[Opening Provided entries section]

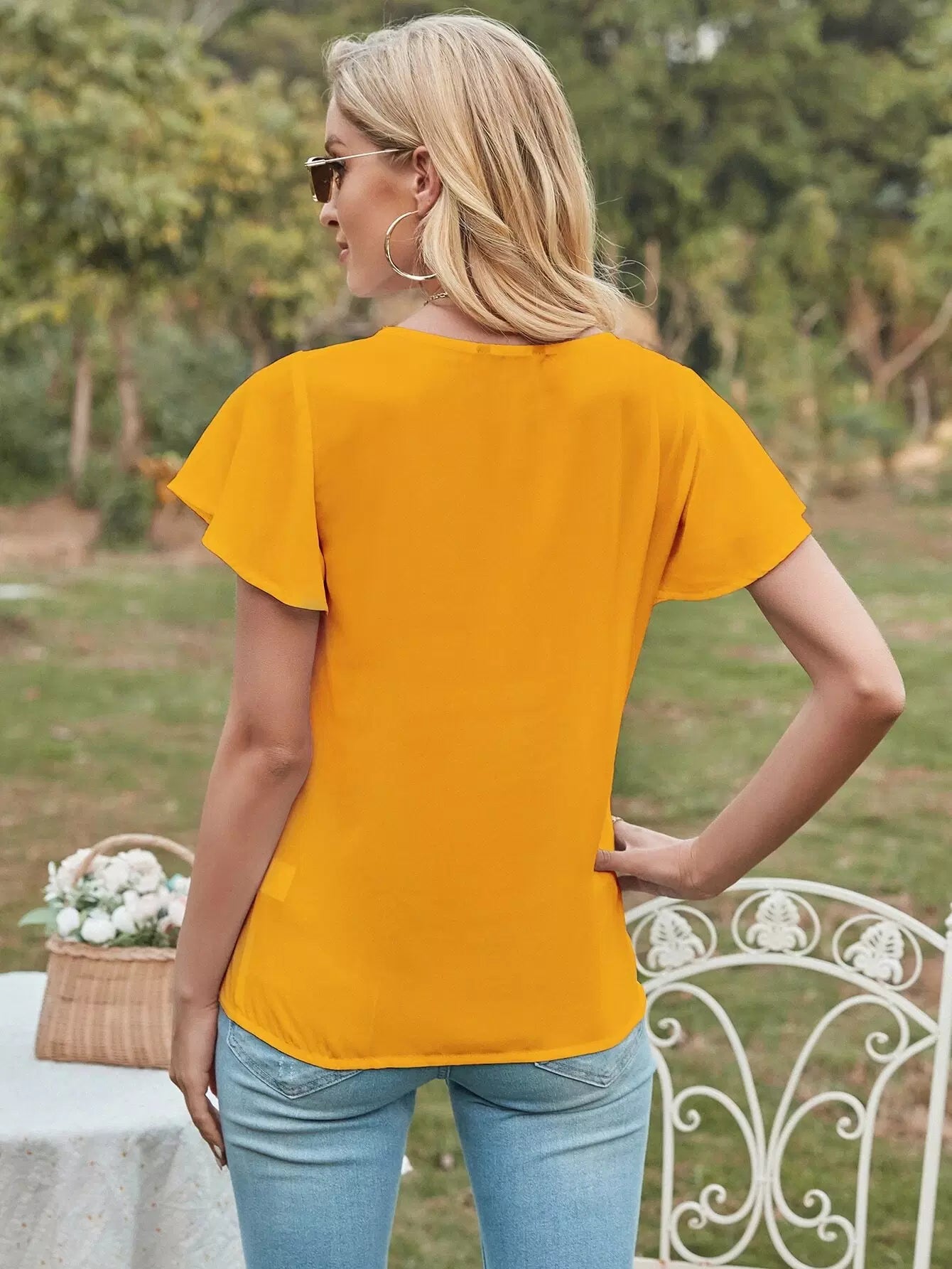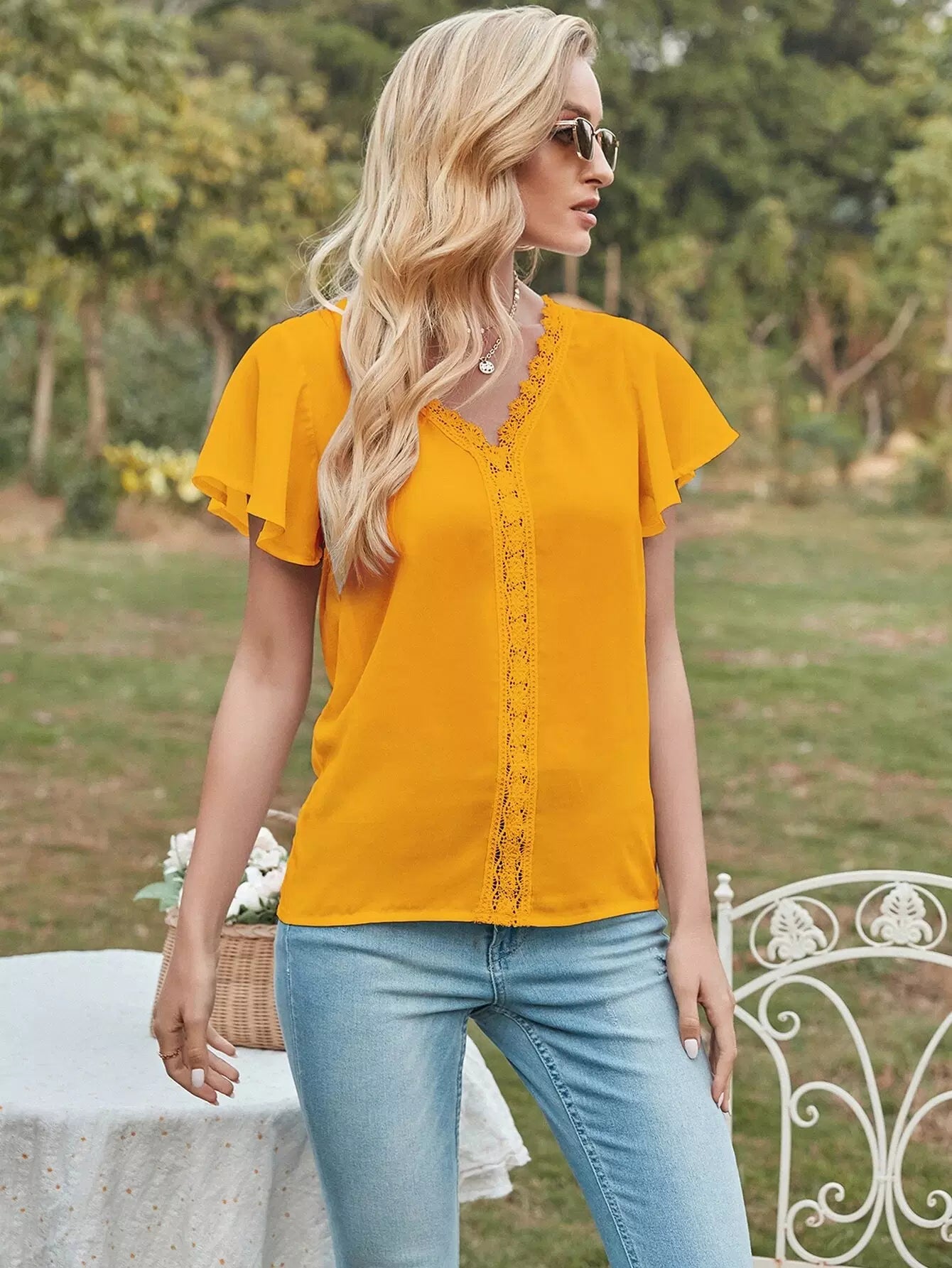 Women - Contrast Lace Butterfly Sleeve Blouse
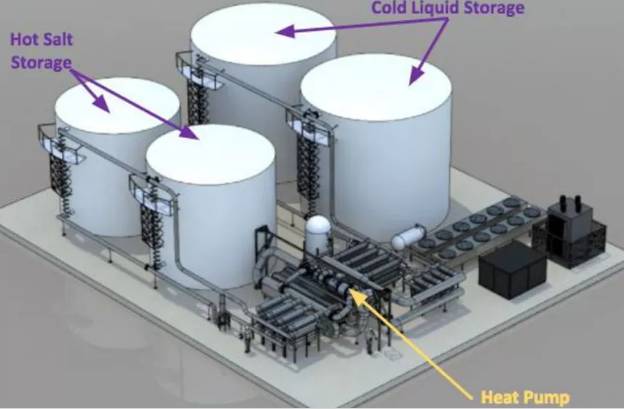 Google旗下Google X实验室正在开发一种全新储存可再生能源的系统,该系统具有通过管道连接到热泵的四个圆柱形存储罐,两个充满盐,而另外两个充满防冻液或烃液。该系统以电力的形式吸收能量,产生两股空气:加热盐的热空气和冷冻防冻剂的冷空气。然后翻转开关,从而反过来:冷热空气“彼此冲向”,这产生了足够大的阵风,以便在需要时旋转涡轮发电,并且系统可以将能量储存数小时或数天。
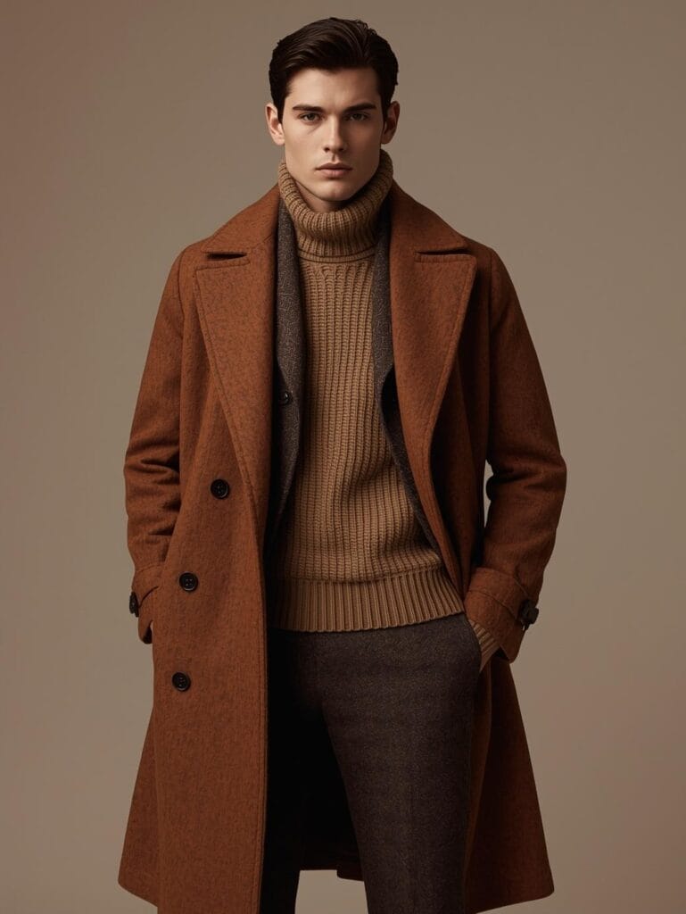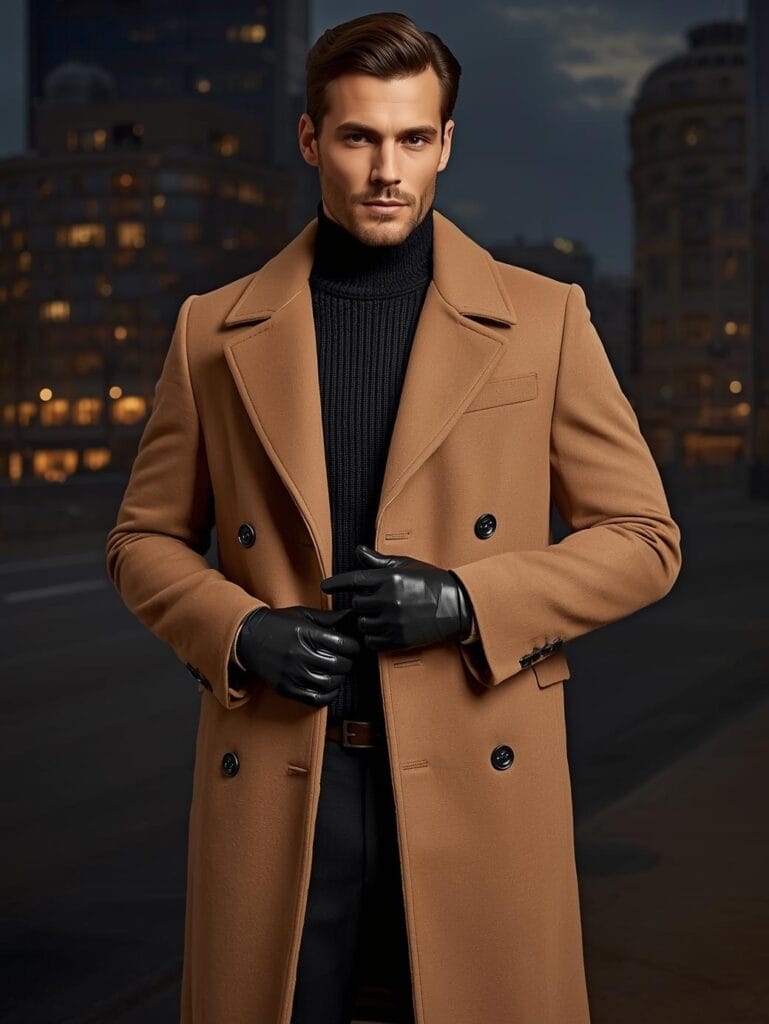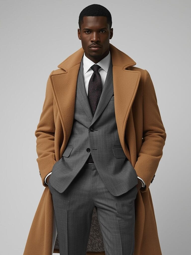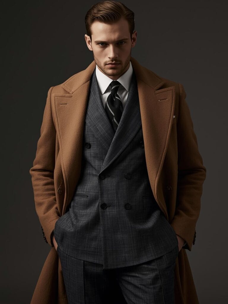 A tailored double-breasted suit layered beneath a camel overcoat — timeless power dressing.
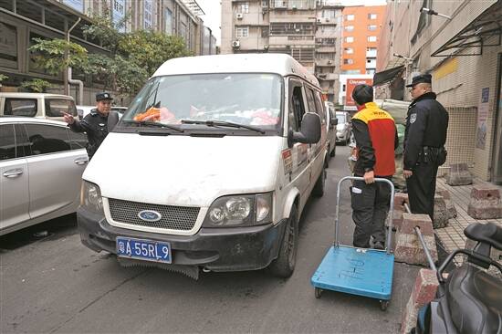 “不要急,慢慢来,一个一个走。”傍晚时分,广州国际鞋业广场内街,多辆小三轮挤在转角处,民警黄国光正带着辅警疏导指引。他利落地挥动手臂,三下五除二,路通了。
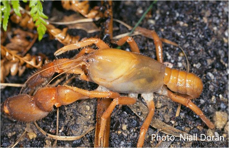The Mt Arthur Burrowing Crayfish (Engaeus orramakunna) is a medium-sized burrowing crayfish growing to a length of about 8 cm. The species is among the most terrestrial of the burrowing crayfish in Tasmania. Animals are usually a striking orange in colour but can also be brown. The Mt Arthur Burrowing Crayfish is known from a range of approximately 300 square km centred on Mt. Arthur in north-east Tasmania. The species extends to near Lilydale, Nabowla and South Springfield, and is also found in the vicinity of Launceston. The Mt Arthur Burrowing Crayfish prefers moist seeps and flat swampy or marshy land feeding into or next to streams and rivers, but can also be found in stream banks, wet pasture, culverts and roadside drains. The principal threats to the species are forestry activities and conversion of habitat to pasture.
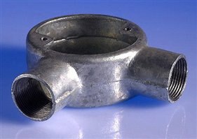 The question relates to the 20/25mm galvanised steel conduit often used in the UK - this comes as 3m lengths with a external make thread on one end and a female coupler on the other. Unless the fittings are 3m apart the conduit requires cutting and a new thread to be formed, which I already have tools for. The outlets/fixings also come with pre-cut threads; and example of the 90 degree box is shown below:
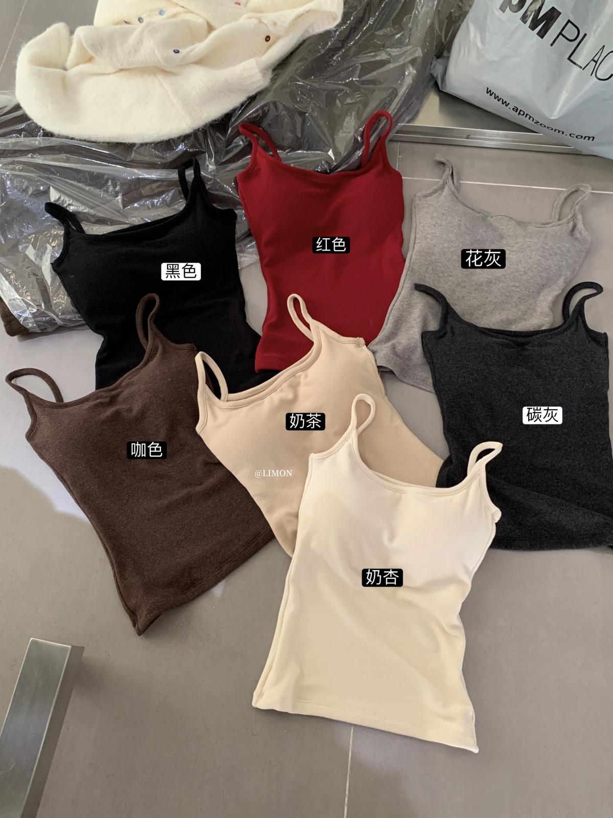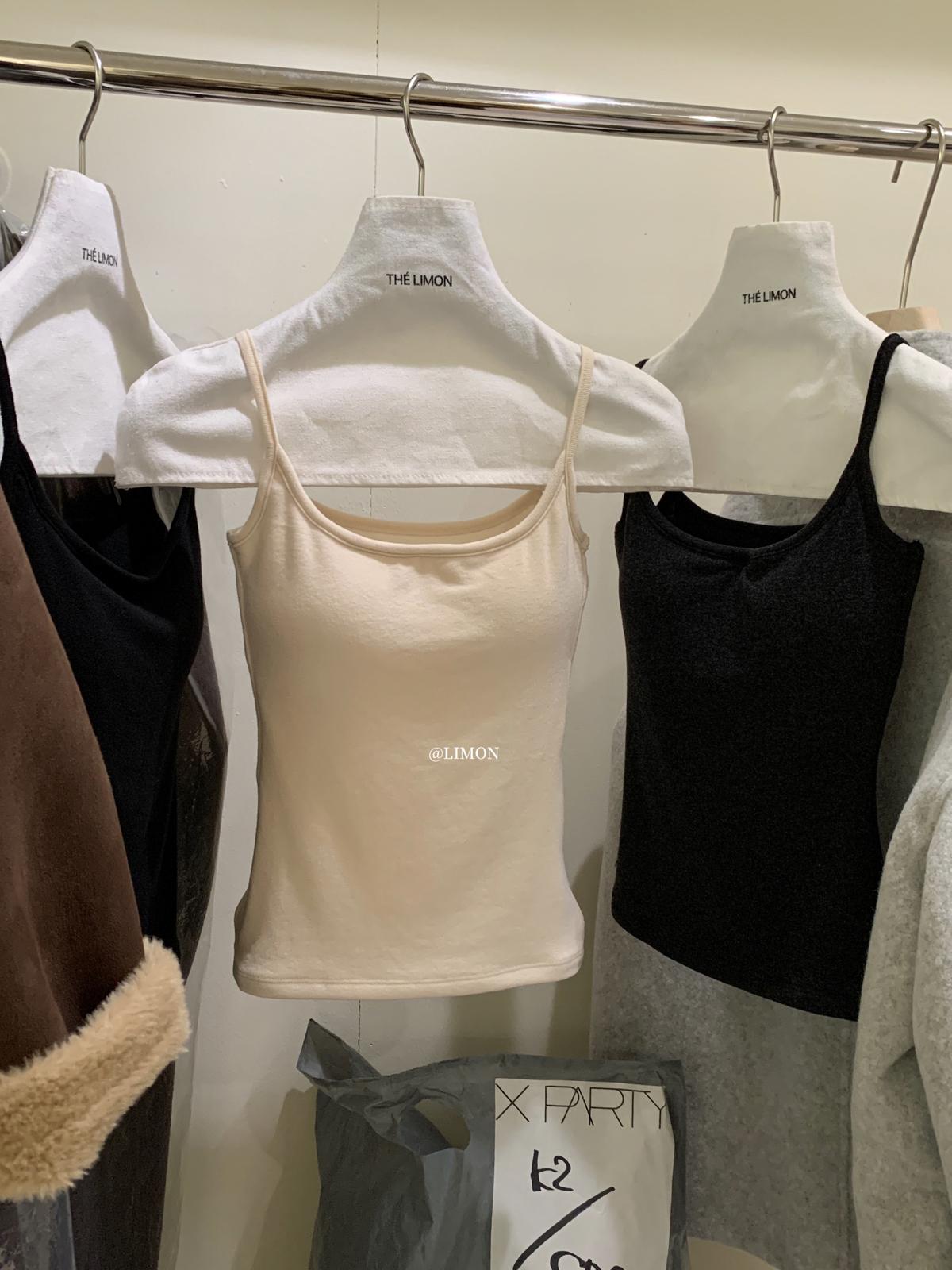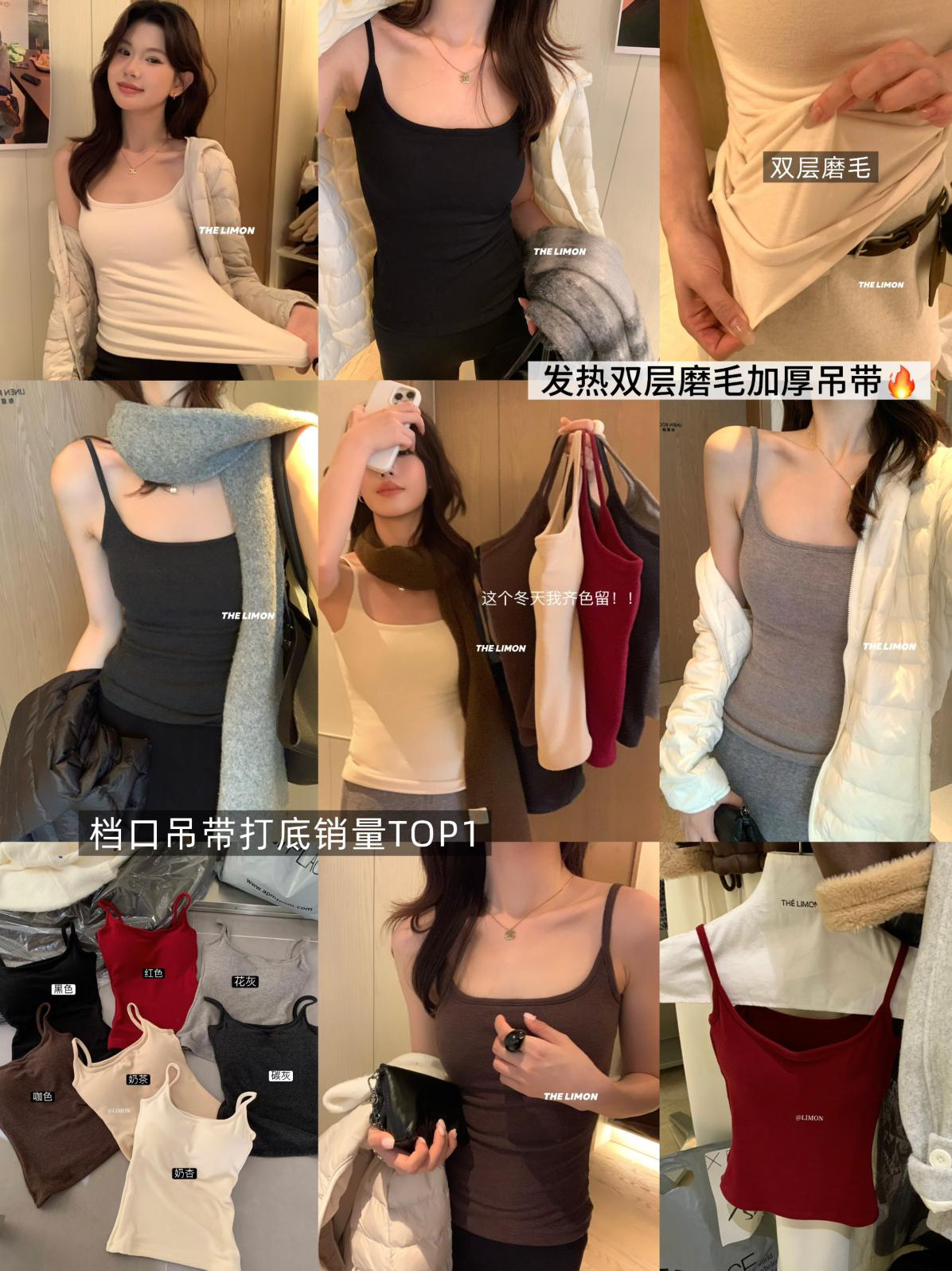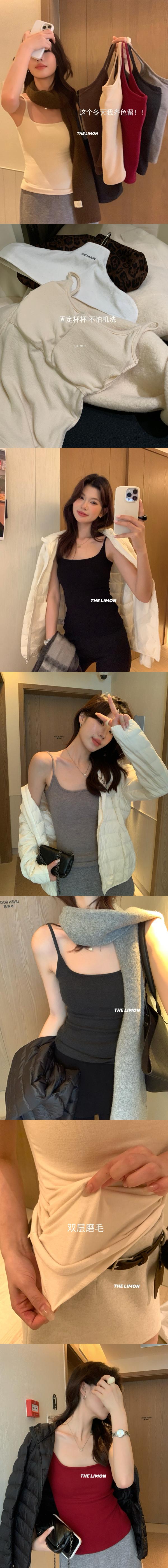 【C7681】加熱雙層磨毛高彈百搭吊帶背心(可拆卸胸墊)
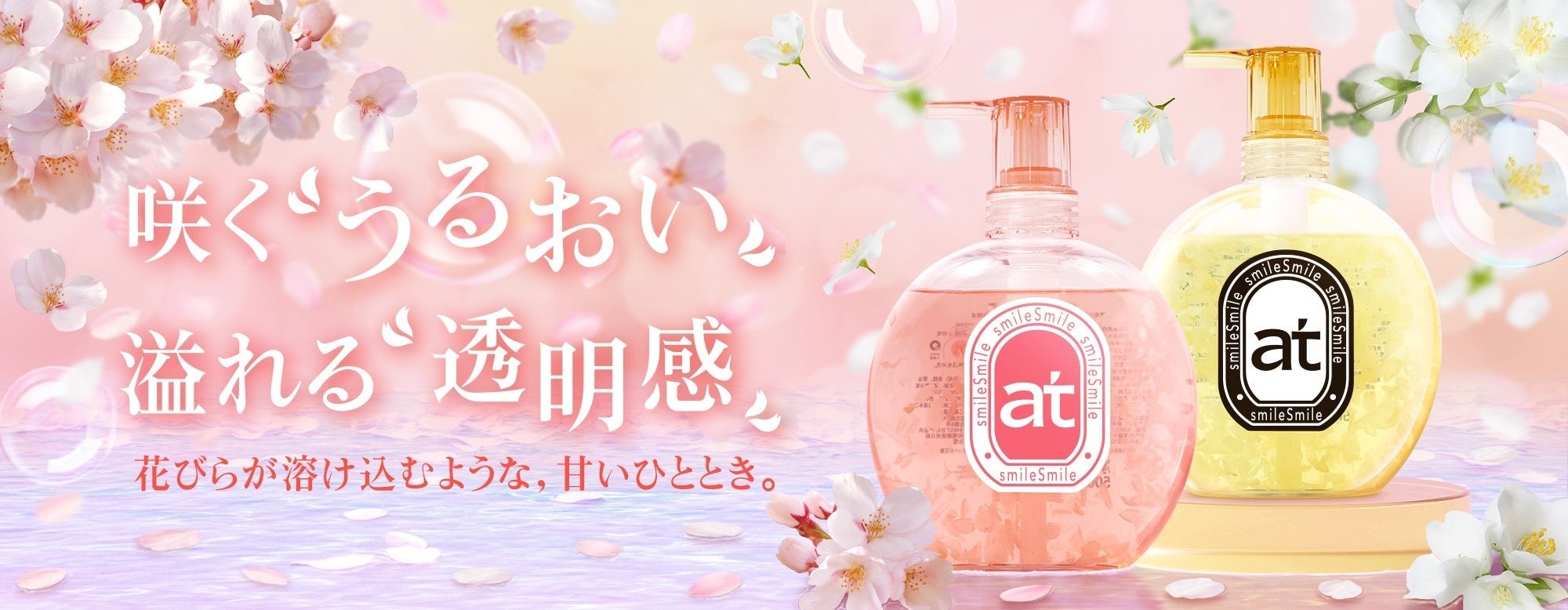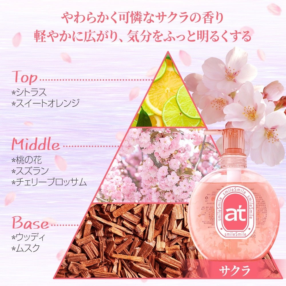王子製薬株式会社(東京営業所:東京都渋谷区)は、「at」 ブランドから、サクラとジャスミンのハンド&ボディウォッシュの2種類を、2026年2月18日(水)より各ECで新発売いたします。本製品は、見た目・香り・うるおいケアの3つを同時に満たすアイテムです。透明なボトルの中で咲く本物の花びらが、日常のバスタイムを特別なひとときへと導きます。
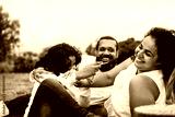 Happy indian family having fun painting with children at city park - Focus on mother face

[Closing Provided entries section]

== Exercise aim ==
Reproduce all of the records above exactly, but exclude the pictures.

== The completed task ==
 Women - Contrast Lace Butterfly Sleeve Blouse
 Google旗下Google X实验室正在开发一种全新储存可再生能源的系统,该系统具有通过管道连接到热泵的四个圆柱形存储罐,两个充满盐,而另外两个充满防冻液或烃液。该系统以电力的形式吸收能量,产生两股空气:加热盐的热空气和冷冻防冻剂的冷空气。然后翻转开关,从而反过来:冷热空气“彼此冲向”,这产生了足够大的阵风,以便在需要时旋转涡轮发电,并且系统可以将能量储存数小时或数天。
 A tailored double-breasted suit layered beneath a camel overcoat — timeless power dressing.
 “不要急,慢慢来,一个一个走。”傍晚时分,广州国际鞋业广场内街,多辆小三轮挤在转角处,民警黄国光正带着辅警疏导指引。他利落地挥动手臂,三下五除二,路通了。
The Mt Arthur Burrowing Crayfish (Engaeus orramakunna) is a medium-sized burrowing crayfish growing to a length of about 8 cm. The species is among the most terrestrial of the burrowing crayfish in Tasmania. Animals are usually a striking orange in colour but can also be brown. The Mt Arthur Burrowing Crayfish is known from a range of approximately 300 square km centred on Mt. Arthur in north-east Tasmania. The species extends to near Lilydale, Nabowla and South Springfield, and is also found in the vicinity of Launceston. The Mt Arthur Burrowing Crayfish prefers moist seeps and flat swampy or marshy land feeding into or next to streams and rivers, but can also be found in stream banks, wet pasture, culverts and roadside drains. The principal threats to the species are forestry activities and conversion of habitat to pasture.
 The question relates to the 20/25mm galvanised steel conduit often used in the UK - this comes as 3m lengths with a external make thread on one end and a female coupler on the other. Unless the fittings are 3m apart the conduit requires cutting and a new thread to be formed, which I already have tools for. The outlets/fixings also come with pre-cut threads; and example of the 90 degree box is shown below:
 【C7681】加熱雙層磨毛高彈百搭吊帶背心(可拆卸胸墊)
王子製薬株式会社(東京営業所:東京都渋谷区)は、「at」 ブランドから、サクラとジャスミンのハンド&ボディウォッシュの2種類を、2026年2月18日(水)より各ECで新発売いたします。本製品は、見た目・香り・うるおいケアの3つを同時に満たすアイテムです。透明なボトルの中で咲く本物の花びらが、日常のバスタイムを特別なひとときへと導きます。
 Happy indian family having fun painting with children at city park - Focus on mother face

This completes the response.